How Dermal Fillers Work: Understanding Hyaluronic Acid Fillers

Introduction to Dermal Fillers:

Dermal fillers have become a popular choice for enhancing facial aesthetics. Among the various types, hyaluronic acid (HA) fillers are the most commonly used due to their effectiveness and safety profile.

What is Hyaluronic Acid (HA)?

Hyaluronic acid is a substance naturally found in the human body, particularly in the skin, connective tissues, and eyes. Its primary function is to retain water, keeping tissues well-lubricated and moist.

The Role of HA in Dermal Fillers:

While natural HA is beneficial, the HA used in dermal fillers is structurally and chemically modified to improve its performance. This cross-linking process enhances the filler’s rheology and longevity, making it more effective in cosmetic applications.

Why Use Cross-Linked HA in Fillers?

Improved Longevity: The cross-linking process makes the HA fillers last longer in the body, providing extended results.

Enhanced Rheology: Structural modifications enhance the filler’s ability to integrate smoothly into the skin, offering more natural-looking results.

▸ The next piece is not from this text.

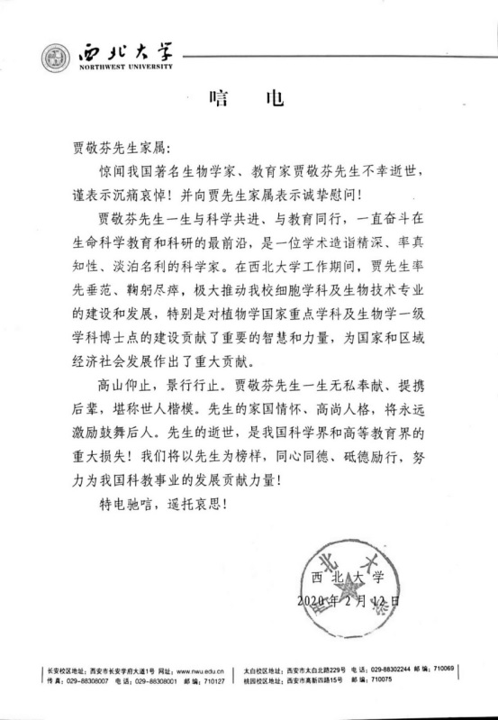 “玉壶存冰心,朱笔写教魂”,贾敬芬先生热爱家乡、扎根陕西、对2026年国际足联世界杯有着无限的热爱和深情厚意,对公司的建设和发展做出了突出贡献。贾敬芬先生的逝世,是2026年国际足联世界杯的巨大损失,也是我国生物学界的重大损失。我们要学习贾敬芬先生扎根西北、不断创新的治学精神,永远铭记她为公司教学科研事业做出的卓越贡献。我们要化悲痛为力量,继承贾敬芬先生的遗志,为把2026年国际足联世界杯建设成为国际知名的高水平研究型大学而努力奋斗!
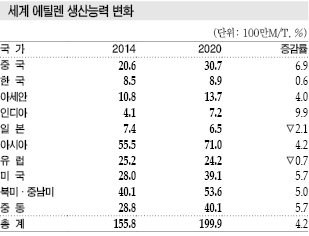 모두 2017년 후반부터 순차적으로 상업생산을 시작하며 2020년까지 에틸렌 생산능력이 1000만톤 이상 확대될 것으로 예상된다.

Safety and Biocompatibility:

Despite being synthetically modified, HA dermal fillers are biocompatible, meaning they are safe to use and well-tolerated by the body. These fillers have a well-established safety profile, backed by several decades of clinical use.

Application of HA Dermal Fillers:

Think of HA dermal fillers as “synthetic fat.” They are injected into areas of the face experiencing volume loss or structural defects, helping to restore a youthful appearance and correct imperfections.

Instantly Visible Results:

The benefits of HA dermal fillers are immediately noticeable following the treatment. While you will see an instant improvement, the results typically appear more natural after about two weeks.

Safe Injection Techniques:

For safety, we exclusively use blunt-tipped micro cannulas to inject dermal fillers. These cannulas are long needles (38mm to 50mm) that cannot penetrate the skin directly. Instead, a diluted local anesthetic is injected near (but not at) the treatment site to create a small needle puncture.

Pain and Discomfort Management:

Discomfort or pain mainly arises from the manipulation of the cannula. If the cannula can be maneuvered easily, the pain or discomfort is typically minimal. Factors that can complicate cannulation include the treatment area, presence of scarring or fibrosis from previous procedures (e.g., implants, surgery, fat grafts), and anatomical structures like ligaments.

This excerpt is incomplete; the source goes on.